The medical history of the patient with this cancer and its relationship to the risk factors leading to bladder cancer, especially smoking, occupational chemical exposure.

Photography:

  1. 1- Imaging the upper and lower urinary tract by using colored x-rays to determine the presence or absence of bladder cancer in the ureter or in the renal pelvis, where the upper urinary tract (renal pelvis and ureter) are affected by (1.8%) and the bladder triangle is affected by (7.5%).
    Computed tomography (CT), where it is possible to detect the spread of bladder cancer to the renal pelvis or ureter at a higher rate than imaging by colored X-rays, as well as detecting whether or not the lymph nodes are affected by this cancer.
  2. 2- Computed tomography (MRI): or color magnetic resonance tomography to detect the involvement of other organs in the abdomen and behind the peritoneum with this cancer, especially the lymph nodes.
    Ultrasound This diagnostic mechanism is used as an initial method for diagnosing a tumor in the bladder at a high rate due to the imaging and diagnostic effectiveness of the transducer of modern devices. This is done by ultrasound through imaging by this transducer from above the bladder, and at the same time any Expansion or absence of the renal pelvis as a result of its spread in the upper urinary tract (ureter and renal pelvis) or due to its narrowing of the ureter opening in the bladder.
  3. 3- Urine cytological examination This is done by examining the urine to search for cancer cells and it is possible to diagnose 28-100% of superficial vesical cancer, knowing that this diagnostic method lies in its high diagnostic sensitivity for cancer cells in the urinary bladder, ureter or in the renal pelvis.
    4- Partial markers in urine.
    5- Cystic endoscopy: This diagnostic examination is performed only in the event that cystic tumor is not confirmed by the aforementioned imaging diagnostic methods, because the patient with bladder cancer will sooner or later undergo endoscopic extraction after previously diagnosed by the aforementioned diagnostic methods.

treatment :

There are two types of treatments for this superficial cancer (NMIBC): 1) Adjuvant therapy: This modern and successful treatment in the first and second stages of this disease is the extraction of the tumor by endoscopy and at the same time the immunotherapy two weeks after the tumor extraction, where the infusion of the immune substance (BCG) is done weekly in the The bladder for two hours and for six consecutive weeks and then for a full year every three weeks, where clinical studies have proven that this treatment has led to a high cure rate in recent years compared to other traditional treatments.
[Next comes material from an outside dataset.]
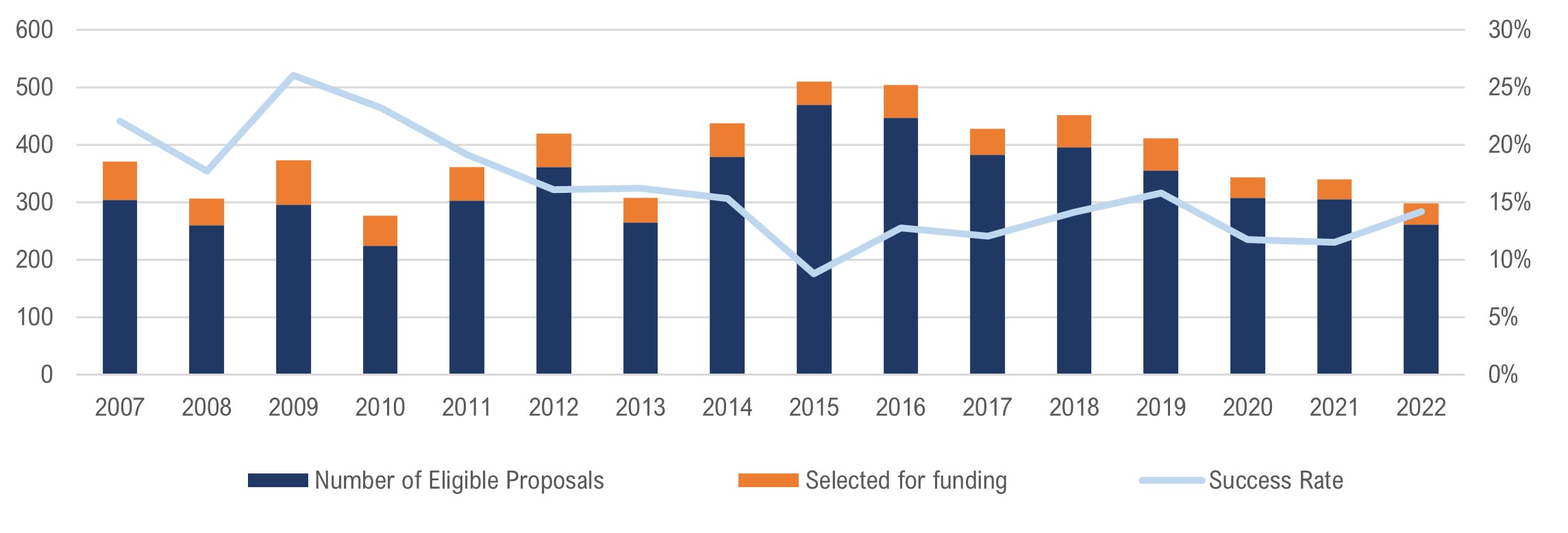 To take an illustrative snapshot as a starting point, in 2022 application numbers had declined to around half the 2015 levels (2022 being the last full year of data and 2015 the last year before the Brexit referendum). The number of projects selected for funding in 2022 was around 90% of 2015 due to higher success rates of the applications submitted. This pattern can be seen at UK and Welsh levels.

But if a new growth of this cancer occurs in the bladder after its endoscopic extraction and treatment after three months, then this indicates that this cancer has not been radically removed or that it has not been treated properly and adequately. Therefore, it is necessary to perform a second laparoscopic resection and then adjuvant therapy for all patients with primary noninvasive bladder cancer (NMIBC), without exception.